Sei sulla pagina 1di 1

TEORIA DELLA GIUSTIZIA

Mette in risalto la dignità di tutti gli esseri umani come presupposto dell’ordine coesistenziale. Esiste una
corrispondenza tra l’ordine dell’universo, un ordine cosmico e l’ordine che deve governare le relazioni tra
gli uomini. Non è immaginabile una coesistenza sociale se non riferendola ad un ordinamento giuridico.

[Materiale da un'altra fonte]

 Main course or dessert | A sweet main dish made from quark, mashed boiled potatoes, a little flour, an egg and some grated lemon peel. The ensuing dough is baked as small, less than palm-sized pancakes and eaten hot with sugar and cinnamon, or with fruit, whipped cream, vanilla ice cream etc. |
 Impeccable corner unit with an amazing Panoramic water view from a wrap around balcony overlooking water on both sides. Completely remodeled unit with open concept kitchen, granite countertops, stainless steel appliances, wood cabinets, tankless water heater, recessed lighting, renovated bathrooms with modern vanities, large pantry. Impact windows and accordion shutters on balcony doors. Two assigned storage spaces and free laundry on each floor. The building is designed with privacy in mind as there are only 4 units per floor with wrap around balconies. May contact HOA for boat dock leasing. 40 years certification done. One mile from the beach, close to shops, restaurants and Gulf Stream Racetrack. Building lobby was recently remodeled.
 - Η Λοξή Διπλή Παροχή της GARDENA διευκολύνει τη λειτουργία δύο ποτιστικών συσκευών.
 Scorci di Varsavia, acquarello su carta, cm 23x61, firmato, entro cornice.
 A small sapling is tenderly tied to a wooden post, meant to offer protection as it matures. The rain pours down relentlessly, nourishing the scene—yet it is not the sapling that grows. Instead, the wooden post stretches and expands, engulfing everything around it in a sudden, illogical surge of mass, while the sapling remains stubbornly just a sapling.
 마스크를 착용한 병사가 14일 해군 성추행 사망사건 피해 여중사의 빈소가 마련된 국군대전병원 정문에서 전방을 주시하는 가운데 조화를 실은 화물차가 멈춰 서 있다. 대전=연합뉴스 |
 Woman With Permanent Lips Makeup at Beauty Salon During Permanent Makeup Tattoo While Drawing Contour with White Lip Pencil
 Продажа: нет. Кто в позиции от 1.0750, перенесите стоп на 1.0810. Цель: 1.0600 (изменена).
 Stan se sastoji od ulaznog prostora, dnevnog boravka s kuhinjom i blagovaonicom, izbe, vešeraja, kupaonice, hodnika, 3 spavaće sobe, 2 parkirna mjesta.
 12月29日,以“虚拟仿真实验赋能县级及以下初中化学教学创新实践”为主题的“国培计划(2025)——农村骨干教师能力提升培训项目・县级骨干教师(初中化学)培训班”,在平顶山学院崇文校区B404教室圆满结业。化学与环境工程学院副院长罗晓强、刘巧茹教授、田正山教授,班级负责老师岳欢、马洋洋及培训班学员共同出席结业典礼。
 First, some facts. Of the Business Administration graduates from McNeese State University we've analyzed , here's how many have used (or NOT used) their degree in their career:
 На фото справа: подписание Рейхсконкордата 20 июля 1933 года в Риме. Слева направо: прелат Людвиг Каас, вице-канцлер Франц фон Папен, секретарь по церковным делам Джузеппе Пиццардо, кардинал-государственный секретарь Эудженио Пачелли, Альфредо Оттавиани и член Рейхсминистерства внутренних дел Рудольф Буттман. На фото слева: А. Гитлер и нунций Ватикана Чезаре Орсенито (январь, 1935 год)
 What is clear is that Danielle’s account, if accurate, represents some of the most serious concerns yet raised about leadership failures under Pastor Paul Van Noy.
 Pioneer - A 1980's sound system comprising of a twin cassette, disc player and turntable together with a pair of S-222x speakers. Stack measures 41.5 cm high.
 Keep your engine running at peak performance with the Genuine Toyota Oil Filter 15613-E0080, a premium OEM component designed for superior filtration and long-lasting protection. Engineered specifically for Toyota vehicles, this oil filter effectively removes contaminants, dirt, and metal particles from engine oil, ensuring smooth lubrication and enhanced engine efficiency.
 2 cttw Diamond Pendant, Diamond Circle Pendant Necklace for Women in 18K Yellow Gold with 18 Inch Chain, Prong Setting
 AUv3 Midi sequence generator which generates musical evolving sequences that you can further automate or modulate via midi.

L’ordine della giustizia va inteso come un ordine nel quale l’uguaglianza, che costituisce l’essenza della
giustizia è allo stesso tempo un presupposto ed un obiettivo e va di conseguenza continuamente
ripristinata. Ora nella prassi sociale la giustizia si manifesta secondo diverse possibili linee direttrici; quella
commutativa, distributiva e tributaria. Per quanto riguarda la giustizia commutativa, in una logica
privatistica la giustizia riguarda quei meccanismi di scambio sociale tra soggetti privati che si riconoscono
assolutamente simmetrici ed esige che i beni siano equivalenti. L’equivalenza ottimale è quella oggettiva
che in sistemi complessi tende a formalizzarsi (l’invenzione del denaro come medium per la giustizia nelle
commutazioni, è finalizzata ad annullare o almeno a minimizzare i conflitti che possono nascere quando
non esista tecnica quantitativa per attribuire valore ai beni da commutare). Per quanto riguarda la giustizia
distributiva in una logica pubblicistica quando i soggetti in relazione non siano o non vogliono riconoscersi
simmetrici, il problema della giustizia non è più quello dello scambio ma quello della distribuzione
all’interno della comunità di riferimento. Per quanto riguarda la giustizia tributaria, i beni da distribuire ai
membri della comunità derivano dal prelievo fiscale. Si ritiene che le norme tributarie dovrebbero essere
rispettate per il solo fatto che promanano dall’autorità sovrana che avrebbe nei confronti dei sudditi il
diritto insindacabile a prestazioni obbligatorie in denaro, dovute per un obbligo unilaterale. Altrimenti
se le imposte venissero giustificate in quanto attraverso di esse lo stato fornisce servizi ai cittadini
si correrebbe il rischio di giustificare l’evasione fiscale. Se lo stato ha come primario dovere di
giustizia quello di tutelare e promuovere il bene comune gli spettano tutti quei poteri sovrani che
sono finalizzati a tale scopo. Ha perciò non solo il diritto di esigere le imposte necessarie a coprire
tutte le spese necessarie al suo funzionamento ma anche quelle che possono consentirgli di
ridistribuire efficacemente la ricchezza tra i consociati in modo da massimizzare l’armonia sociale
tra i più abbienti e i meno abbienti. Questo costituisce il dovere morale dei contribuenti di pagare
le imposte all’obbligo di solidarietà civile che è costitutivo di ogni società politica e che sta alla
base di ogni etica pubblica. Esistono diversi criteri per identificare i contenuti materiali della
giustizia distributiva: a ciascuno secondo il rango che opera come criterio di giustizia sociale; è
impossibile giustificare il rango quando ha un fondamento discriminatorio mentre sembra
evidente riconoscere una dignità di rango a soggetti socialmente meritevoli, a soggetti deboli; a
ciascuno secondo il merito, è ragionevole ritenere che il merito vada premiato soprattutto quando
esso sia il risultato di un impegno personale e faticoso; a ciascuno secondo equità, ora nella
seconda metà del 900 ha riscosso particolare successo la teoria della giustizia come equità di
Rawls. Rawls ritiene che per individuare criteri di giustizia secondo ragione sia necessario
interrogare i consociati posti dietro un velo di ignoranza in merito a quale ruolo saranno chiamati a
ricoprire nella società futura e di conseguenza a quali benefici o danni potrebbero derivare loro
dalle loro scelte. Rawls individua due criteri fondamentali: il primo è quello per il quale ogni
persona possa vivere in un sistema che abbia l’obbligo di garantire a ciascuno la libertà
compatibile con un’analoga libertà per ogni altro. Il secondo corrisponde alla nozione del maximin;
è razionale l’accettazione del principio per il quale i beni sociali fondamentali debbano essere
distribuiti in modo uguale tra tutti, tranne nei casi in cui una distribuzione diversificata non
favorisca proporzionalmente i meno avvantaggiati rispetto ai più avvantaggiati. Nessuno di questi
criteri può essere ritenuto a priori prevalente rispetto ad un altro a volte essi possono apparire
conflittuali tra loro ma a prescindere da tutto ciò non si può mai negare la parità che esiste tra gli
esseri umani: la parità non è un criterio di giustizia ma il presupposto della giustizia stessa.